I wanted to share with you what that 24 hours before our launch was like, focusing on how we shored up our production telemetry and did some last-minute contingency plans, as well as some of our top lessons learned. I realize that compared to the stories one hears about at Velocity or DevOps Enterprise Summit, our launch is small potatoes, but for us, the stakes were high, with over six months of preparation depending on how the next few days went.

(And to be perfectly honest, one of my biggest fears was the reputational fallout of screwing this up. I could just imagine the headlines: "co-authors ofThe Phoenix Project and Continuous Delivery totally screw up, doing a Phoenix Project to themselves.")

The TL;DR version:

  • Even last-minute preparations can pay off
  • Production monitoring can compensate for many shortcuts necessitated by real-world constraints
  • Hosted Graphite and New Relic APM are amazing

Take the Survey! >>>

The 24 Hours Before Launch
The launch of the State of DevOps survey was Tuesday, March 22, 2016. This is when tens of thousands of emails would go out, announcing that the survey was live, from IT Revolution, Puppet Labs, and fellow sponsors, Atlassian,AutomicCA TechnologiesHP EnterpriseSplunk, and ThoughtWorks.

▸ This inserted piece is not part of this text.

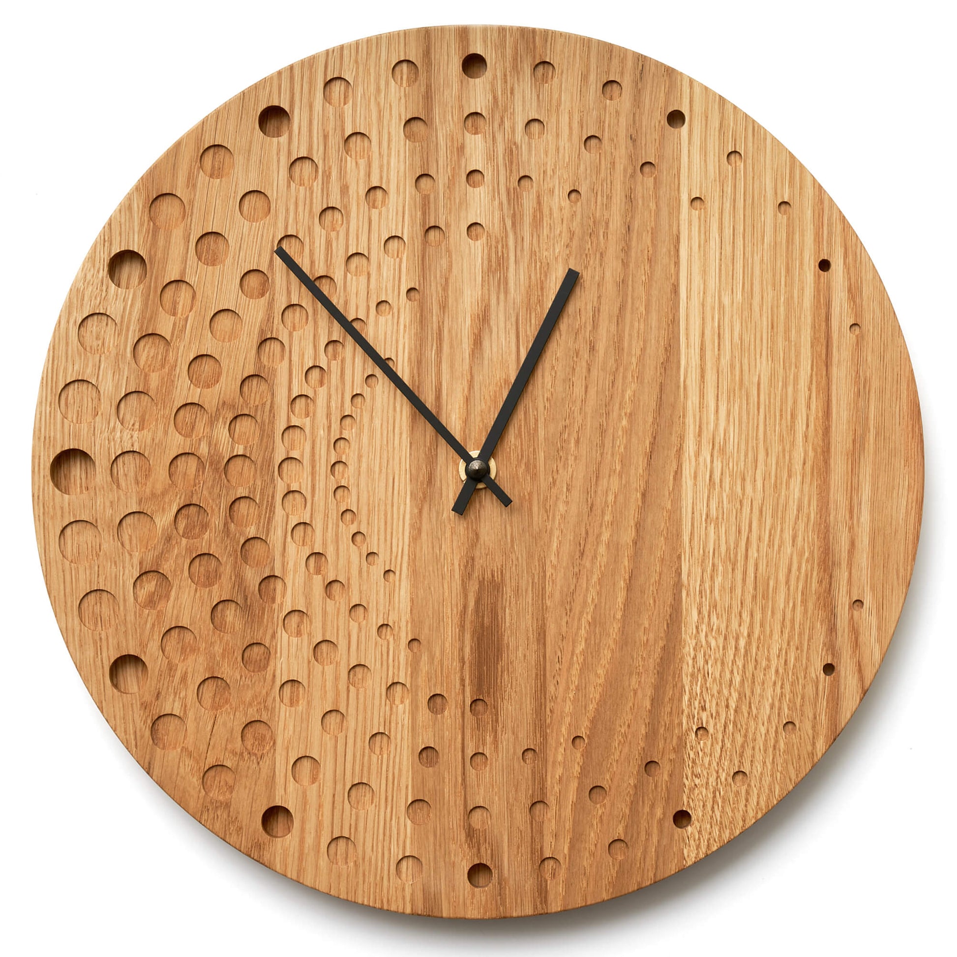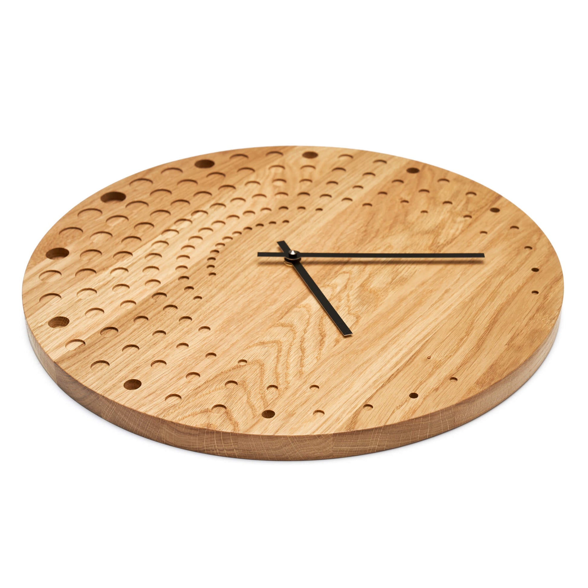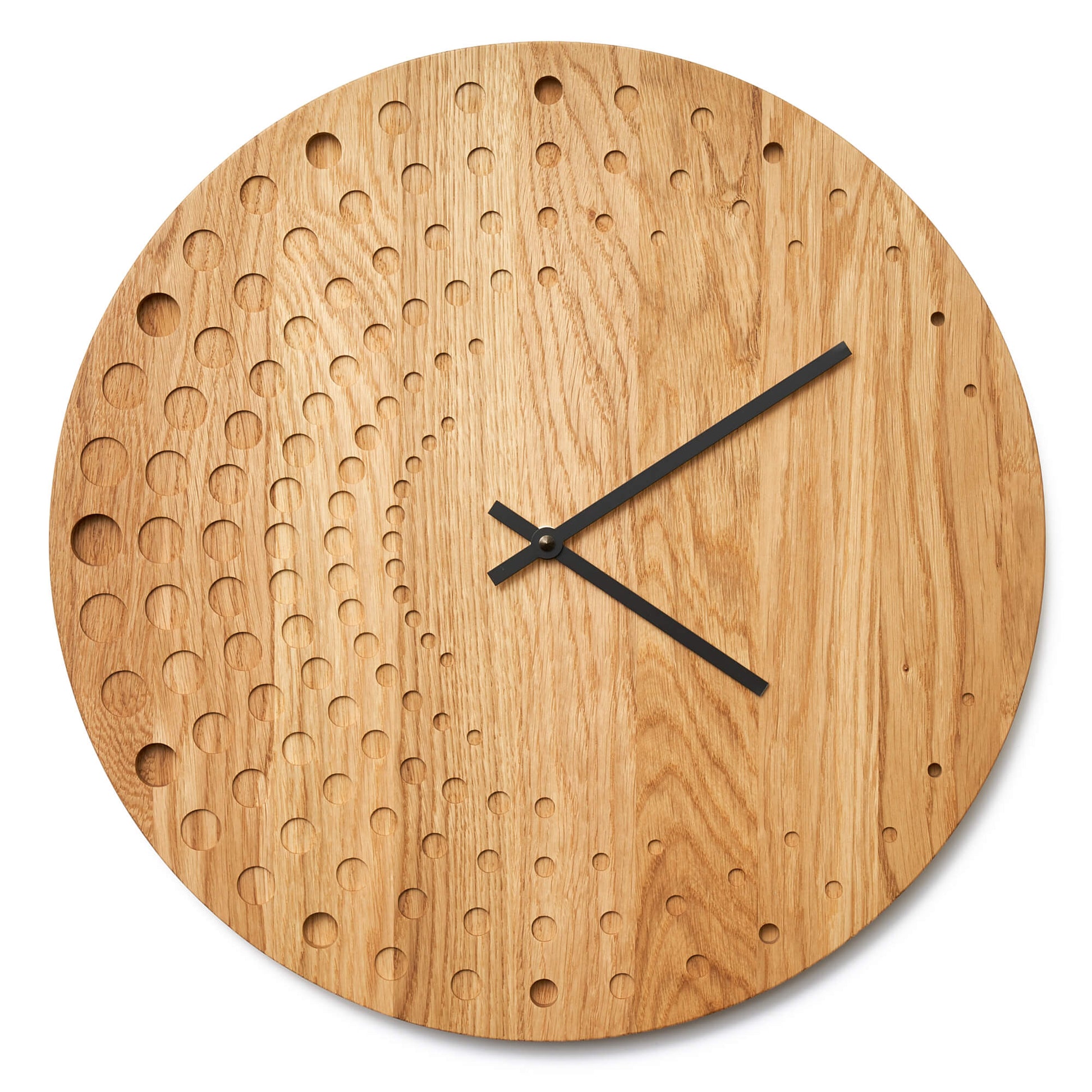 Clock made from solid oak wood, perfect for a modern home.

One minor complication: that week, everyone was scattered around the globe. Jez was working full-time at the amazing 18F organization inside the US Federal Government, but was in London doing a speaking engagement, having just been in India. As the sole engineer, he was doing all the last-minute work during his evenings.

Nicole, our resident researcher and protector of the sanctity of the survey instrument, was in the middle of a weeklong trip to India for her work at Chef, with unreliable hotel internet access.

And me? I was under the gun finishing up the developmental editing work for the upcoming DevOps Handbook (Yes, it's coming!), to stay ahead of the copy editors. I was also down with pneumonia.

So, 24 hours before launch, the entire team was scattered around the globe, each with lots of daytime obligations. Alanna and I had just finished reviewing the survey instrument, and we had a list of issues that we needed to fix.

It was at this moment, pondering the implications of potential code changes to the survey engine, when I realized all of the incomplete things that I personally wanted to do for this project, such as writing a testing harness in Ruby and Nokogiri so that we could do load testing, etc. But with only 24 hours to launch, there are only so many corrective actions you can take.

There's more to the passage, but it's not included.